*** DATA FOR THIS TASK ***

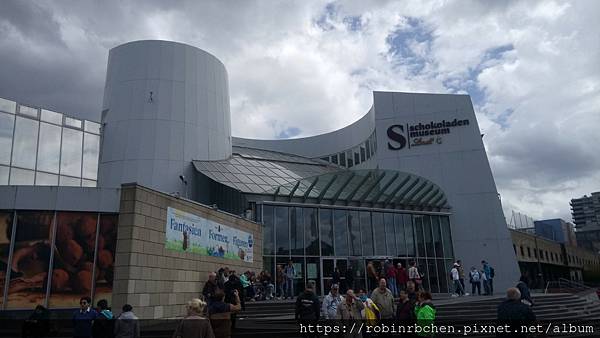 【巧克力博物館】位於萊茵河上,一座狀似碼頭的離島上面。需要步行通過一座鐵橋,才能踏上小島。
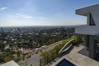 This stock photo showcases a stunning aerial view of the Los Angeles skyline and a luxurious pool. The photo was taken from an upstairs floor level home, allowing for a clear view through large windows and railings. The cityscape is beautifully framed against a clear sky, with skyscrapers towering over the city. The modern architecture of the surrounding condominiums and villas adds to the urban design of the residential area. The elevated location provides an overview of the city, capturing the bustling city life and suburban neighborhoods. The image also highlights the residential properties and real estate opportunities in this vibrant city. The road and asphalt surface below add to the overall composition of the photo, creating a visually appealing image with a mix of natural and man-made elements.
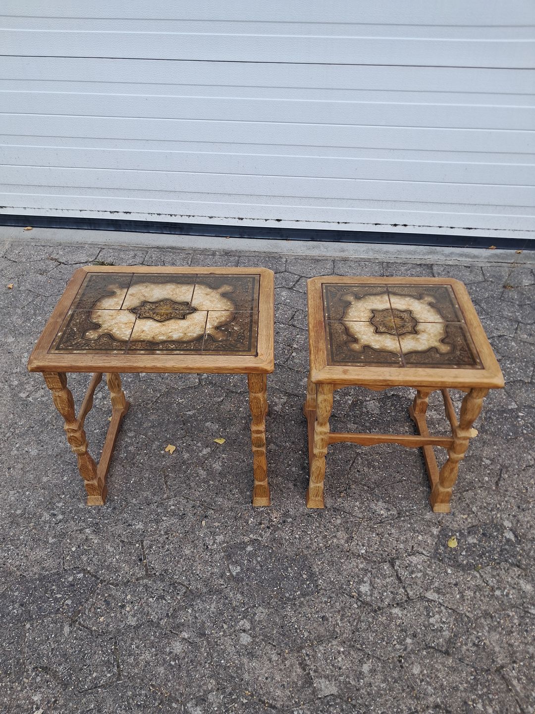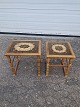 2 Borde i massivt egetræ og kakler, fra 1980erne. De har brugsspor. Højde 42cm Bredde 48cm Dybde 42cm Emne nummer: 77150
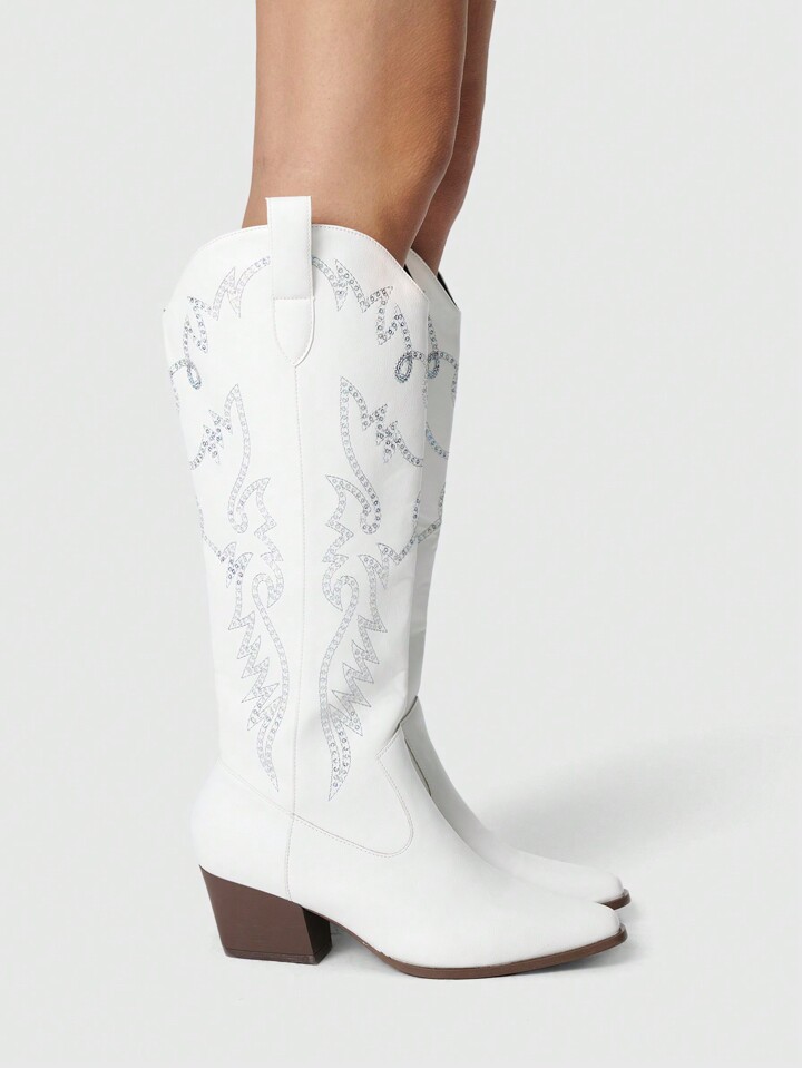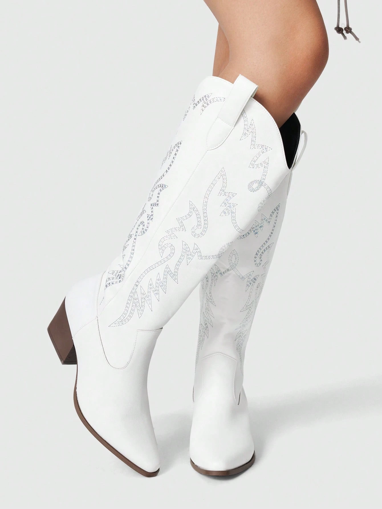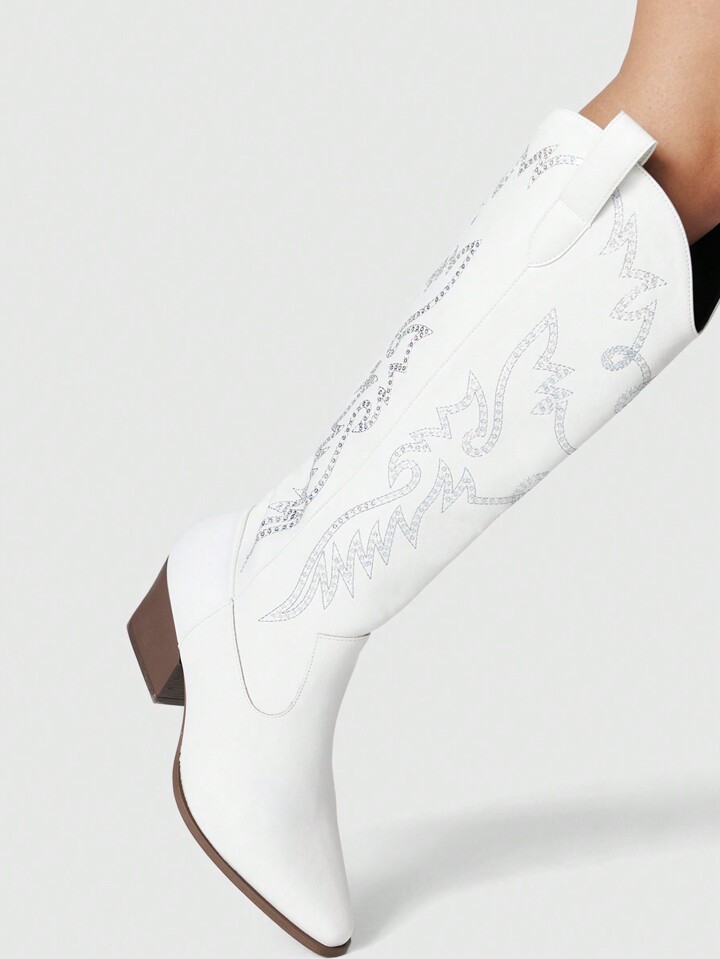 Fairycore Patterned Totem Embroidered Pointed Toe Low Heel Hippie Western Boots, Black PU Knee-High Cowgirl Boots For Everyday Wear
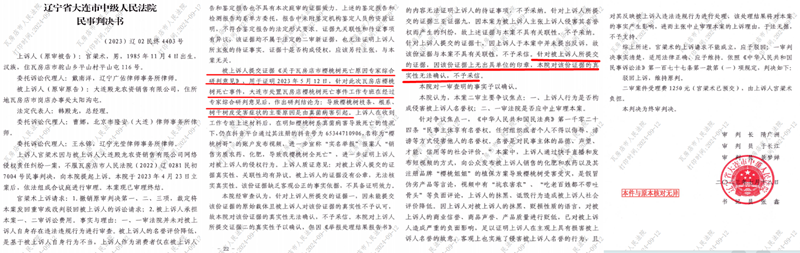 对于这些有证明力的合法证据,高兴利法官不予采信,却故意采信不合规的文件,即《关于瓦房店市樱桃树死亡原因专家综合研判意见》。这一研判意见没有任何机构盖章、没有任何专家签字,只是一张A4打印纸,毫无疑问不具有法律效力。同时,这个所谓的研判意见早已经被大连中院的生效判决否定,认定其为无效证据。详见大连市中级法院【2023】辽02民终4403号民事判决书第22页:“被上诉人(既大连殿龙公司)提交证据《关于瓦房店市樱桃树死亡原因专家综合研判意见》,用于证明2023年5月12日,针对此次瓦房店樱桃树死亡事件,大连市处置瓦房店樱桃树死亡事件工作专班在经过专家综合研判意见后,作出研判结论为:导致樱桃树枝条、根系、树干树皮受害症状的主要原因是由真菌病害引起。”但是,该判决书在第23页针对这份所谓的证据做出的认定却是:“针对被上诉人所提交的证据,因该份证据上无出具单位的印章,本院对该份证据的真实性无法确认,不予采信。”令人感到匪夷所思的是,【2023】辽02民终4403号民事判决书是在2023年7月18日做出的,并且是生效判决。而大连中级法院的另一个生效判决——【2023】辽02民终4392号民事判决书,同样否定了这份所谓的《研判意见》,该判决书做出的时间也是2023年7月18日,即高兴利做出判决两个月之前,见该判决书的第22至23页或(2023)辽0281民初261号民事判决书卷宗正卷2第173至174页。
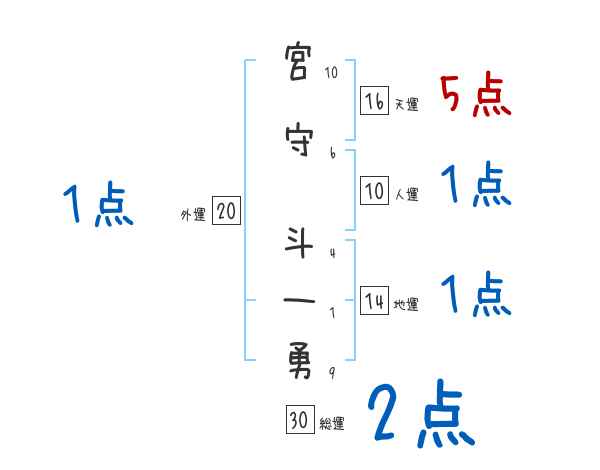 宮守斗一勇さんの画数の鑑定結果
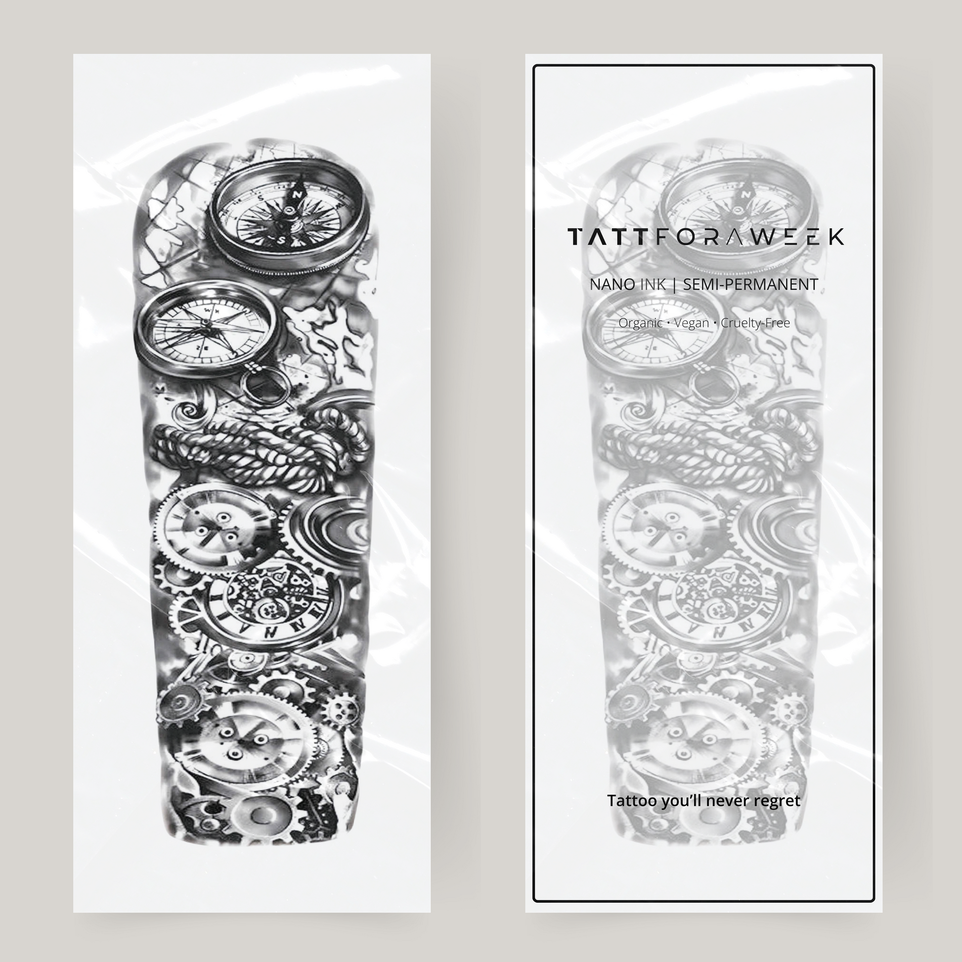 ✓ Detaljeret. Kæmpe klart midlertidig tatoveringsærme med synlige detaljer.

*** End of DATA FOR THIS TASK ***

## YOUR INSTRUCTIONS
Return, exactly and without extra lines, everything from the line with "宮守斗一勇さんの画数の鑑定結果" through the last line of the material above, both included. Pictures must be dropped.

## OUTPUT
 宮守斗一勇さんの画数の鑑定結果
 ✓ Detaljeret. Kæmpe klart midlertidig tatoveringsærme med synlige detaljer.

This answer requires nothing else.